In May 2011, the Urban Institute, supported by the Robert Wood Johnson Foundation, began studying the effects the Patient Protection and Affordable Care Act of 2010 had on citizens. The findings in the September 2016 report are based off analysis of data from the 2011 – 2015 National Health Interview Survey (NHIS), 2013 – 2014 American Community Survey (ACS) and U.S. Census Bureau.

The report notes that, even with Medicaid expansion, thousands of veterans are going to be left without a way to pay for medical care, as they all aren’t eligible for care provided by the Department of Veterans Affairs. It estimates that 38% of veterans would become part of the “assistance gap,” meaning they are not in the low-income category that qualifies them for Medicaid, but are making too much money to qualify for federal Obamacare health insurance subsidies. (It’s important to note that Medicaid expansion doesn’t come without costs — states have to figure out a way to pay for it.)

The researchers predict that, while fewer than 1 in 10 uninsured veterans in certain states would qualify for Medicaid in 2017 based on current expansion plans, “a projected 47% would qualify if all 19 states chose to expand.”

How Medical Debt Can Affect You

Medical debt can become a major burden and may even damage your credit, no matter if you’re a veteran, on active duty or a civilian.
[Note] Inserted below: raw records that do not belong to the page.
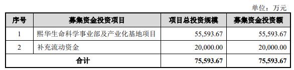 熙华检测本次拟公开发行股票的总量不超过4,420.00万股,不涉及老股东公开发售股份,公开发行股份数量不低于本次发行后已发行股份总数的10%。熙华检测原拟募集资金75,593.67万元,分别用于熙华生命科学事业部及产业化基地项目、补充流动资金。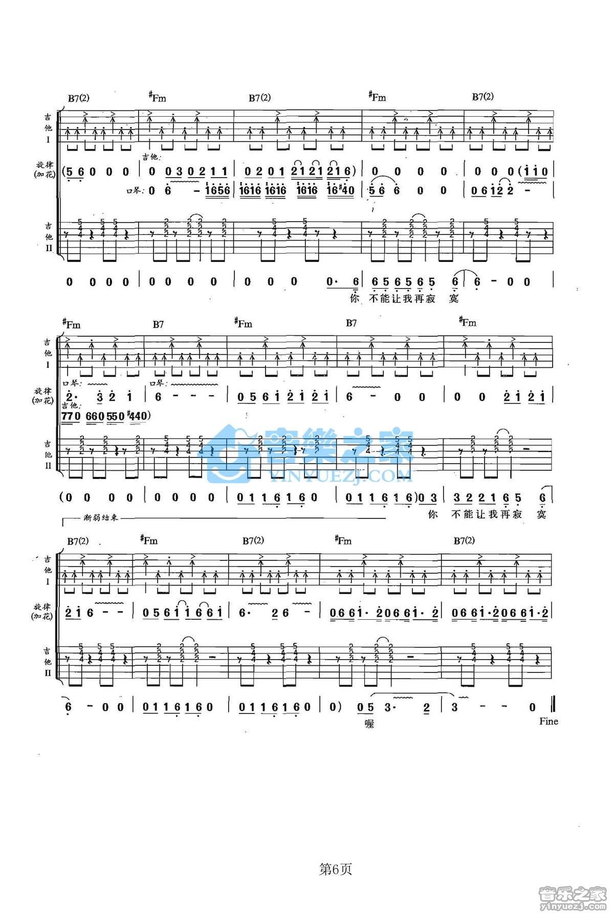 吉他弹唱A调来源:音乐之家608 浏览2024-01-20 10:47发布图谱共6页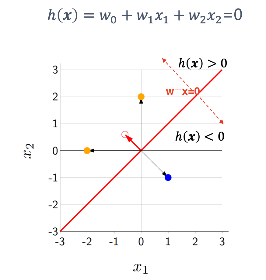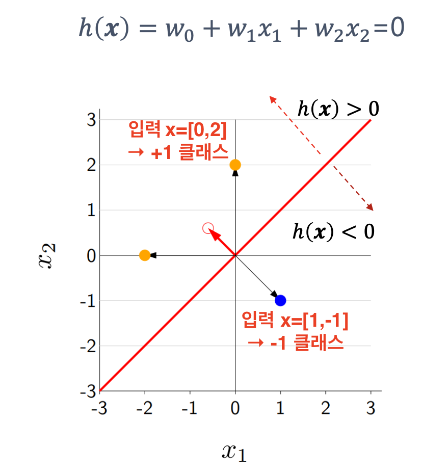선 아래 영역: wTx<0 ⇒ 예측값 -1

This can complicate things when it comes time to get a mortgage, take out a loan for a car or even apply for a job (many employers look at a version of your credit report as part of the application process).

If you’re currently laden with medical debt, it’s a good idea to review your bills for any errors, like double charges or other incorrect entries, that may help that number come down. And, while it may be challenging, it’s important to remember that you need to make your bill payments on time to maintain good credit. (You can see how your medical debts are affecting your credit by taking a look at two of your free credit scores, updated every 14 days, on Credit.com and by getting copies of your free annual credit reports through AnnualCreditReport.com.) If you need assistance with paying these bills, consider talking with a professional to see what your options are.